Preliminary report of a new technique for temporary faecal diversion after extraperitoneal colorectal anastomosis

Colorectal Dis. 2010 Nov;12(11):1159-61. doi: 10.1111/j.1463-1318.2010.02294.x.

Abstract

Aim: Loop ileostomy is a suitable procedure for transitory faecal diversion after colorectal or coloanal anastomosis. We describe here an easy alternative technique for ileostomy construction that does not require reintervention for the closure.

Method: In twenty patients undergoing anterior resection of the extraperitoneal rectum with colorectal and/or coloanal anastomosis, loop ileostomy was performed using a modified jejunotomy tube inflated with 10 ml of normal saline.

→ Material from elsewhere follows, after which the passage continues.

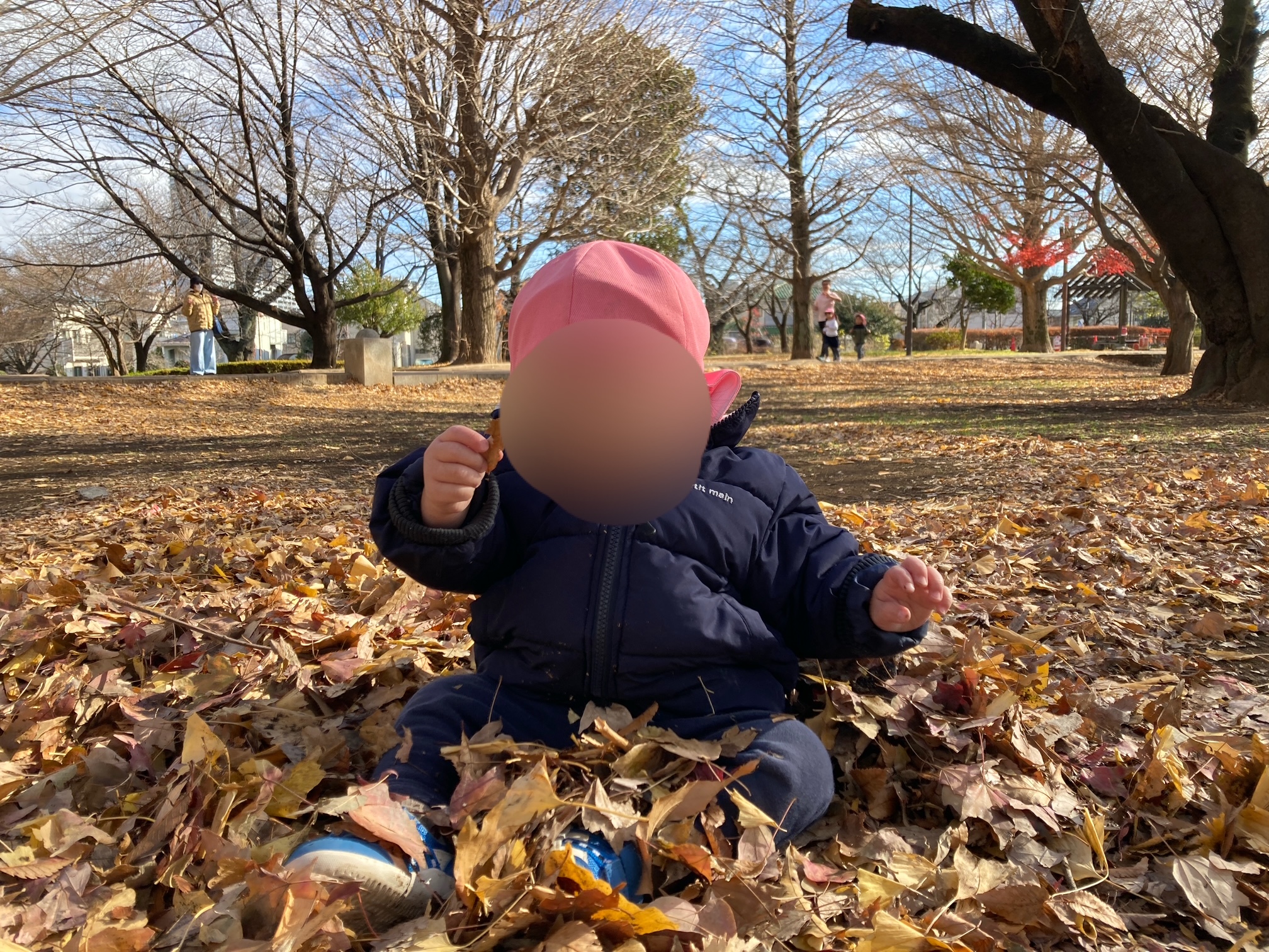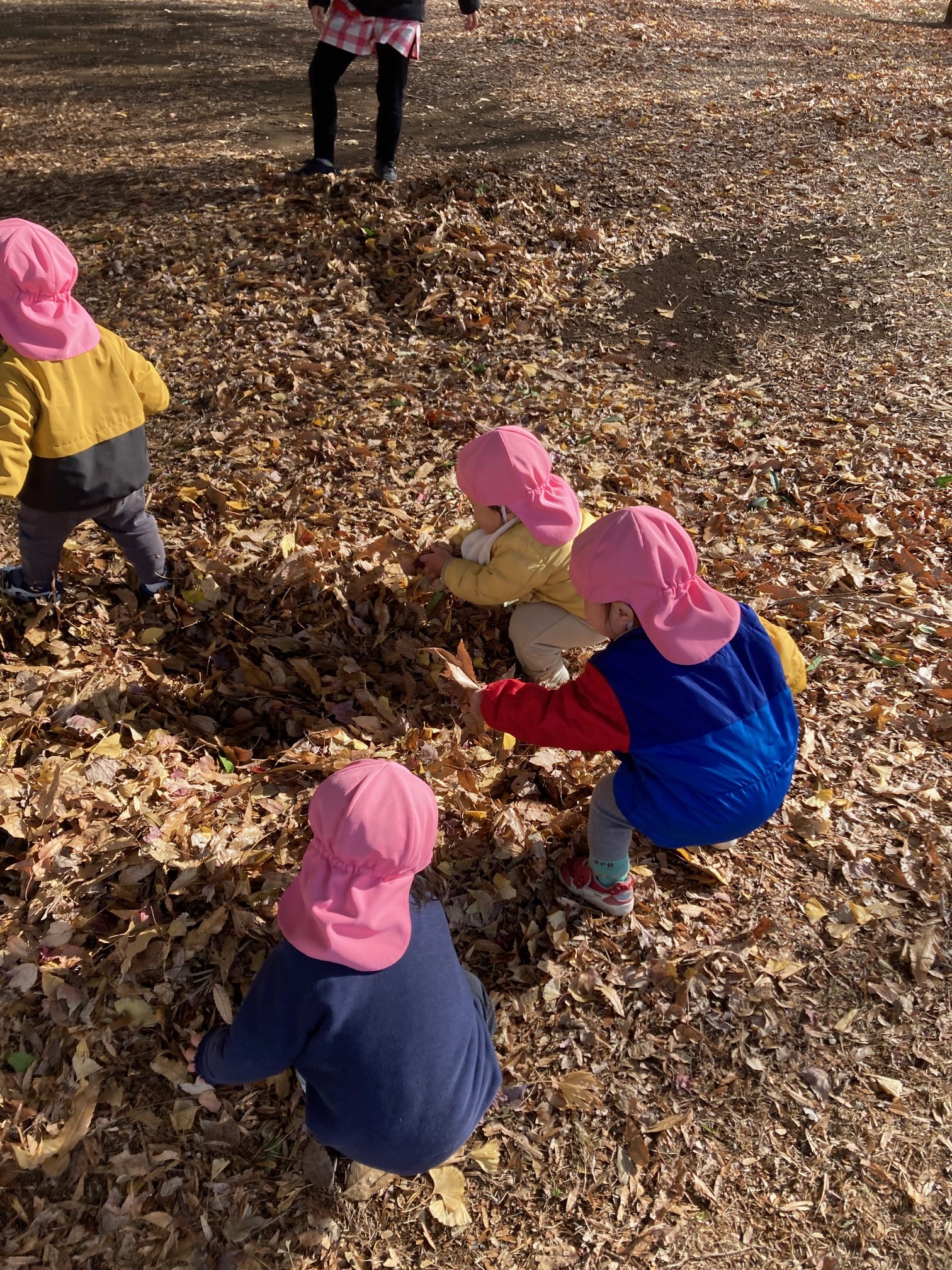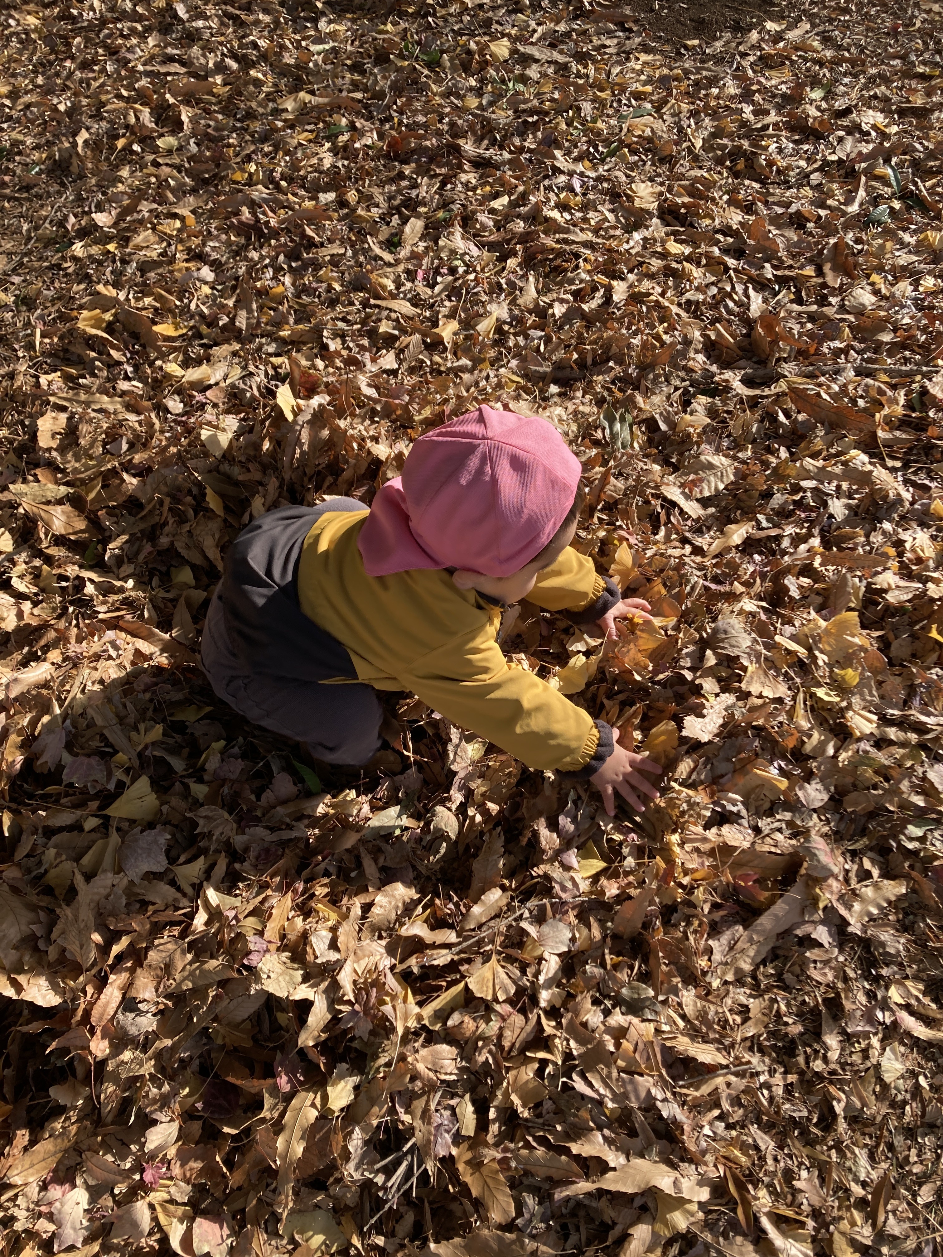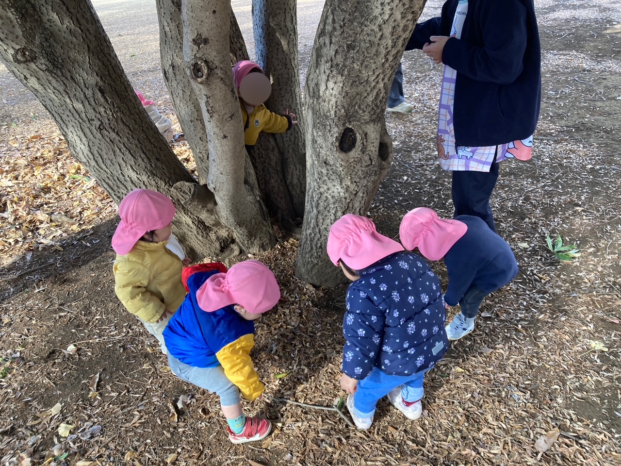 木の近くでドングリ探ししてたかと思ったら、”ここ通れるかも!”と気付いたお友だちの真似をして木の間を通り抜けして楽しそうに笑い合っていました。

The tube was deflated on the eighth post-operative day and removed on day 11 after a radiological contrast enema of the anastomosis.

Results: Radiological control carried out on day 11 evidenced a premature dislocation of the jejunostomy tube in 1 patient, thus the tube was correctly removed without any complications. In another patient a delayed closure of the ileo cutaneous fistula was recorded that required simple medication over 15 days in the out patient clinic. No signs of anastomotic leakage, either clinical or radiological were evidenced.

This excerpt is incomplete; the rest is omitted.